Entries provided:
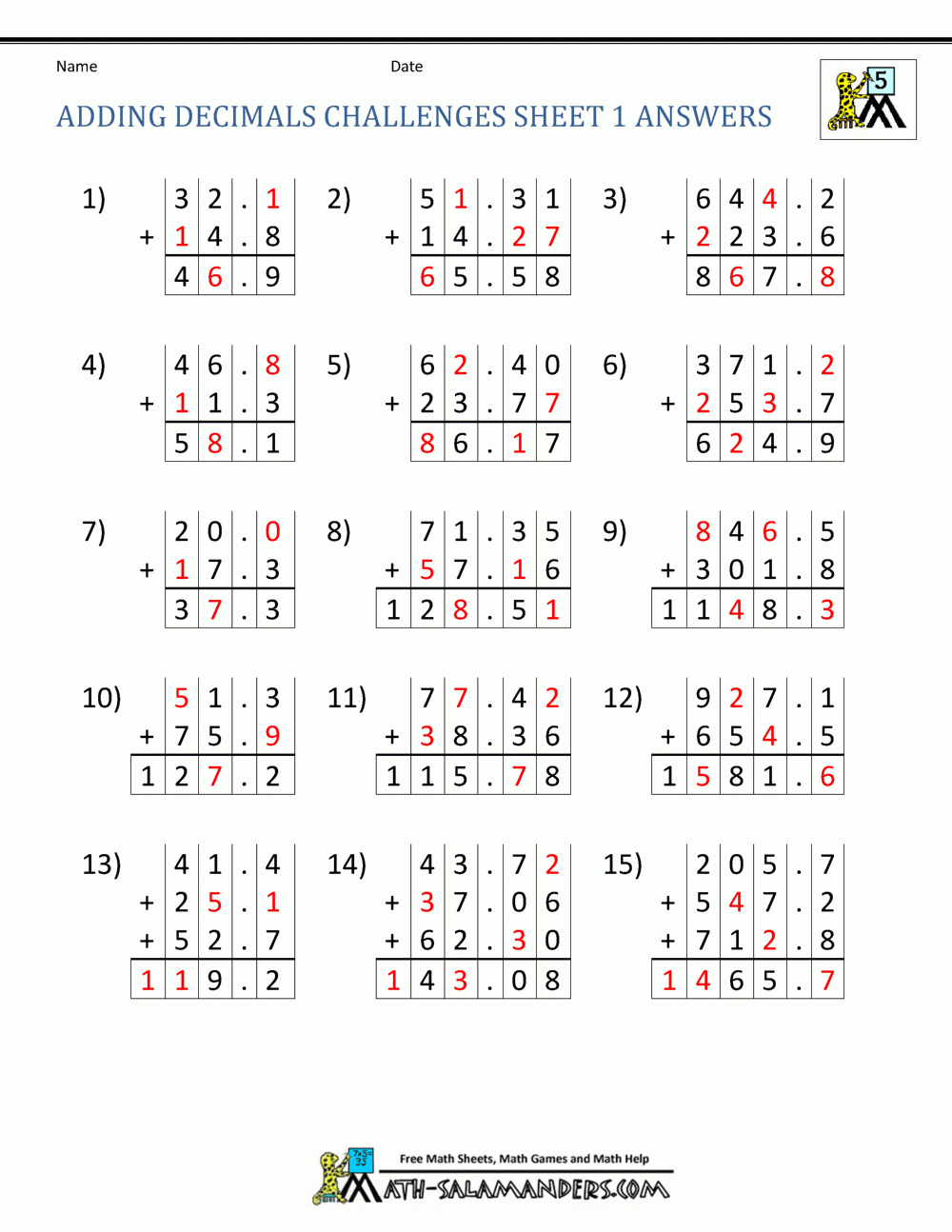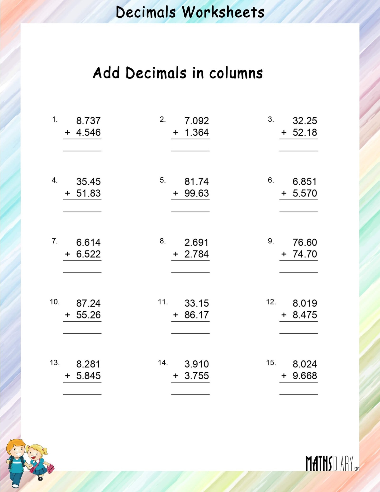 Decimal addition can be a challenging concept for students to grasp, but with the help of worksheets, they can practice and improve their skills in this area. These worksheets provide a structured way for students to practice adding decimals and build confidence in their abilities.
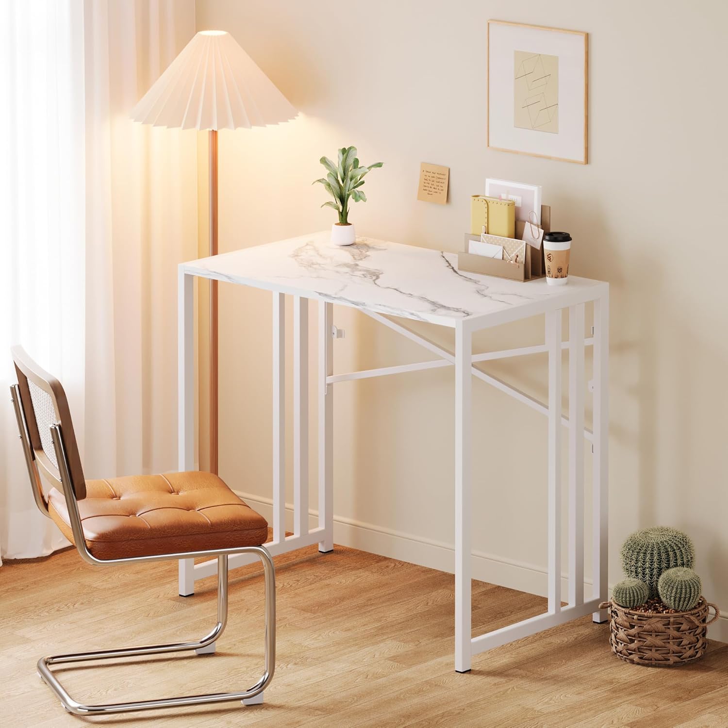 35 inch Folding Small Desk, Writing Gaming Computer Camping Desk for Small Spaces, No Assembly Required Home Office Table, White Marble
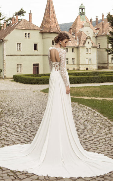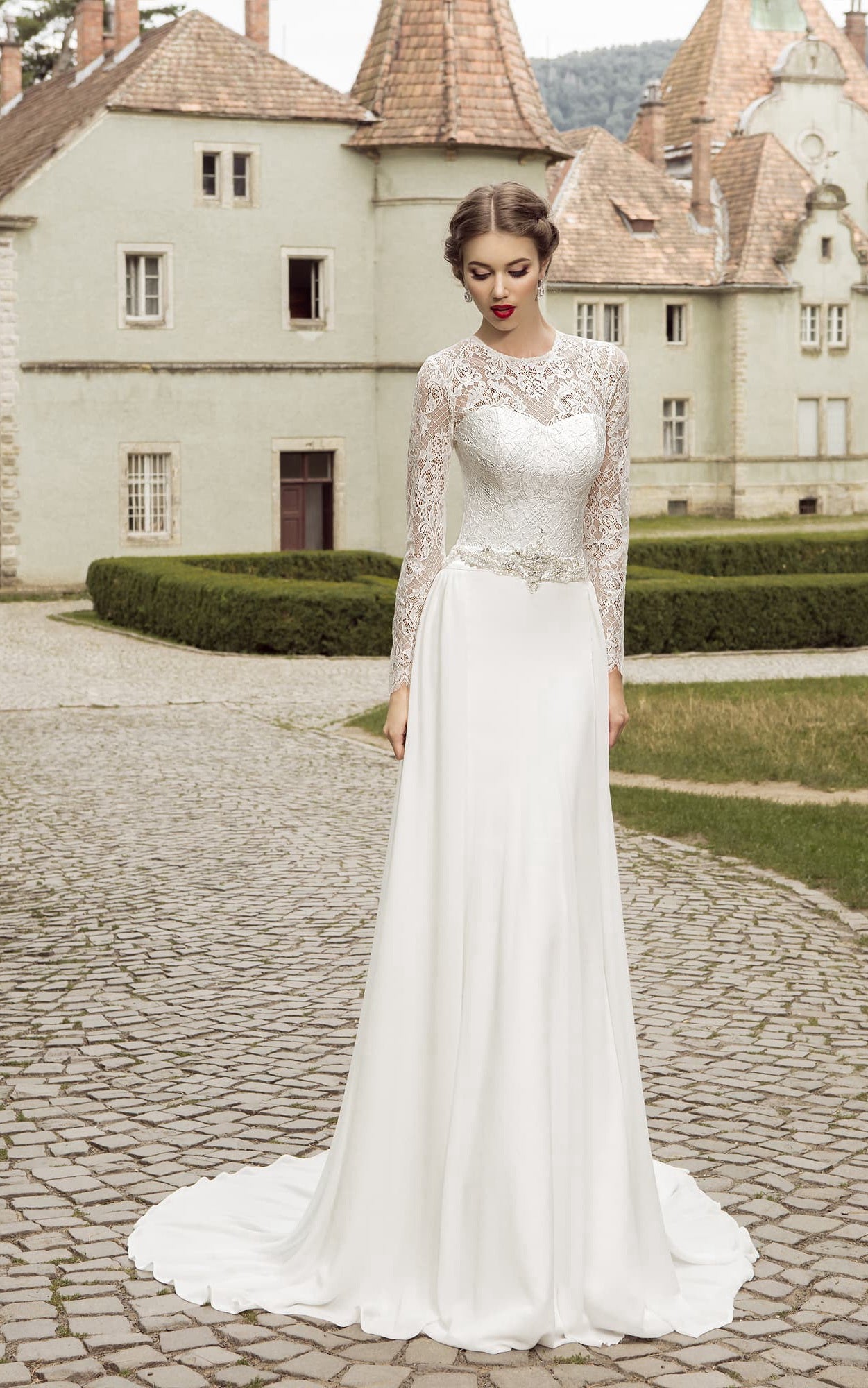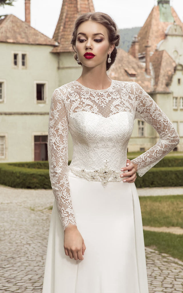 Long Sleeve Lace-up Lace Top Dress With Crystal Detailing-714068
...
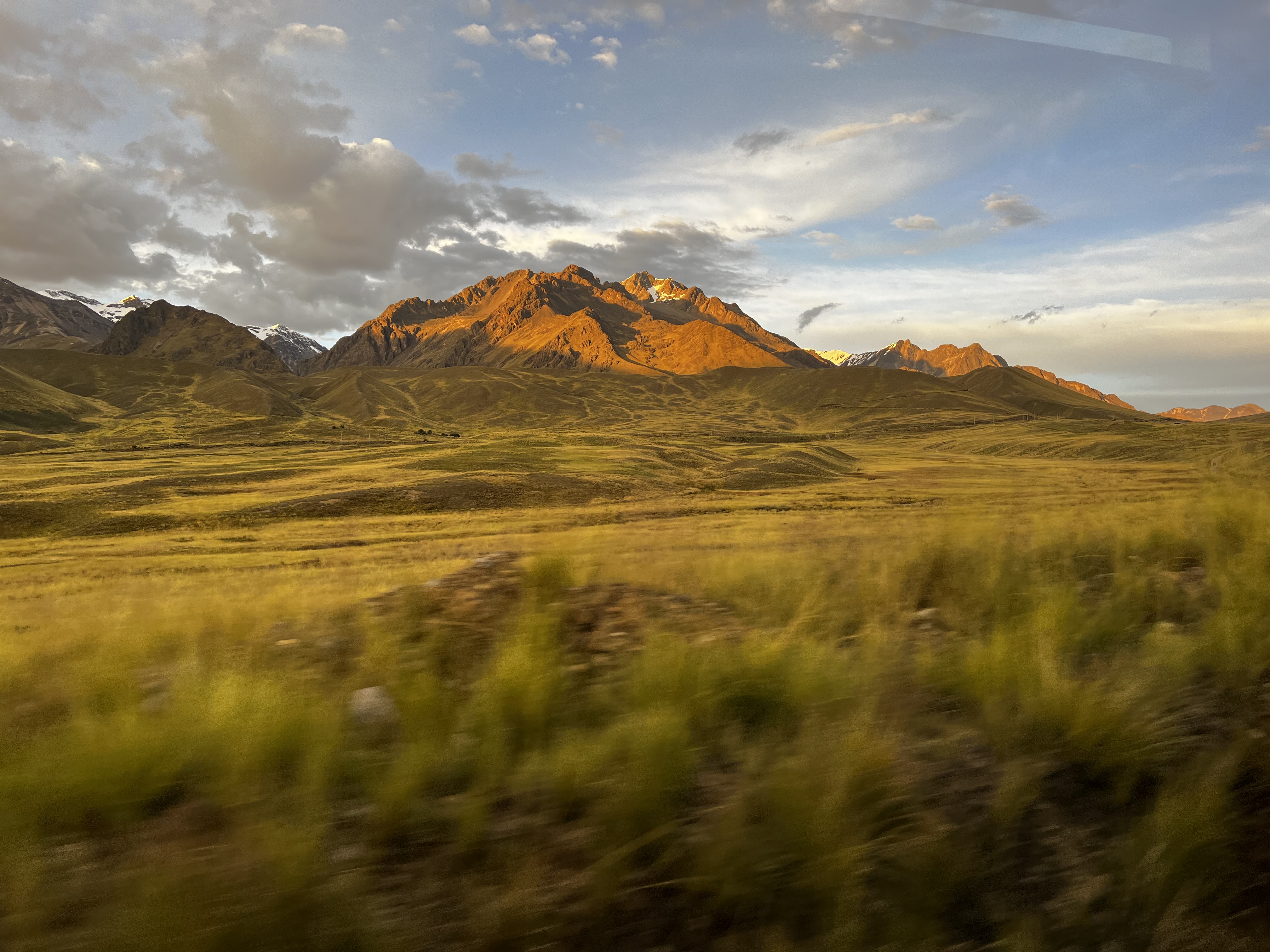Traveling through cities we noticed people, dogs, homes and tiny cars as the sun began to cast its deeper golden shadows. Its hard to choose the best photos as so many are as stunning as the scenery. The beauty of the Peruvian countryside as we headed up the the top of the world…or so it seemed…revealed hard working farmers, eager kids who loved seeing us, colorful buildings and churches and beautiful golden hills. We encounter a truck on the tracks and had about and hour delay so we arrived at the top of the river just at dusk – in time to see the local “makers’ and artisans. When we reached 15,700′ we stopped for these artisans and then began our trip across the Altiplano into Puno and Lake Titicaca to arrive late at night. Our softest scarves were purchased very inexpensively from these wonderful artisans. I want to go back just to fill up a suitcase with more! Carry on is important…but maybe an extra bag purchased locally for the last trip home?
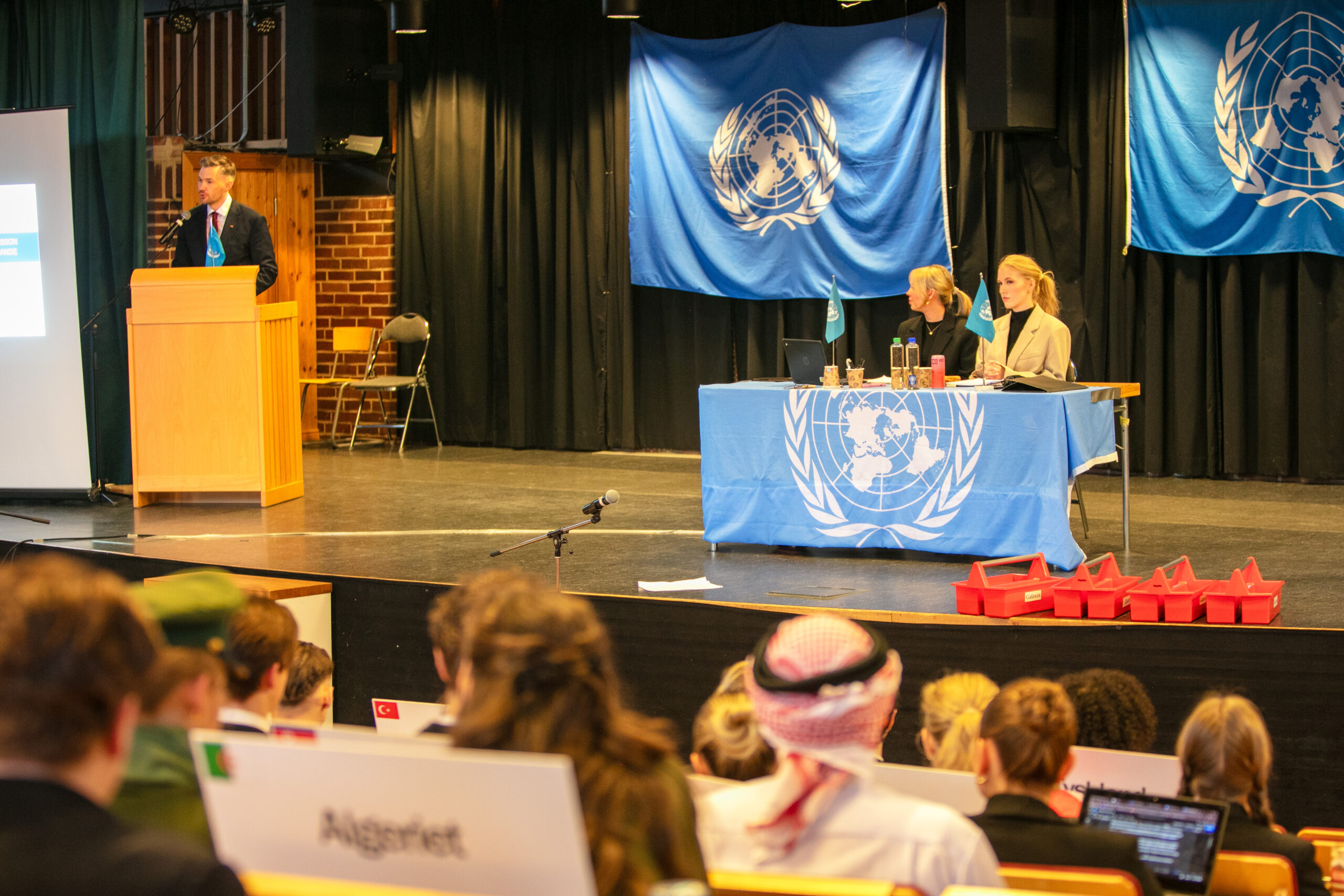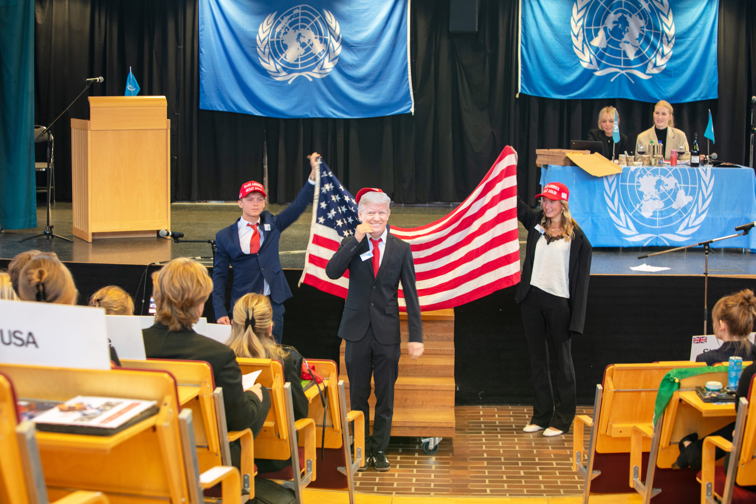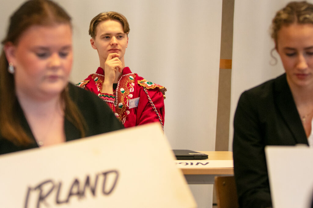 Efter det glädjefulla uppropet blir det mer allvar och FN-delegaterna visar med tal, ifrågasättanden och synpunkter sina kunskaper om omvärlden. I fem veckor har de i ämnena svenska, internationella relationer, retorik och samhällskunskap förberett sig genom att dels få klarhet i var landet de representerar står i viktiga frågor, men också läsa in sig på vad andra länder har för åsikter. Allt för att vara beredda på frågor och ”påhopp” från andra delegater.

Work item: When copying from the data above, print only the lines from the line containing "Decimal addition can" to the line containing "35 inch Folding", exactly, and leave the pictures out.

Final answer:
 Decimal addition can be a challenging concept for students to grasp, but with the help of worksheets, they can practice and improve their skills in this area. These worksheets provide a structured way for students to practice adding decimals and build confidence in their abilities.
 35 inch Folding Small Desk, Writing Gaming Computer Camping Desk for Small Spaces, No Assembly Required Home Office Table, White Marble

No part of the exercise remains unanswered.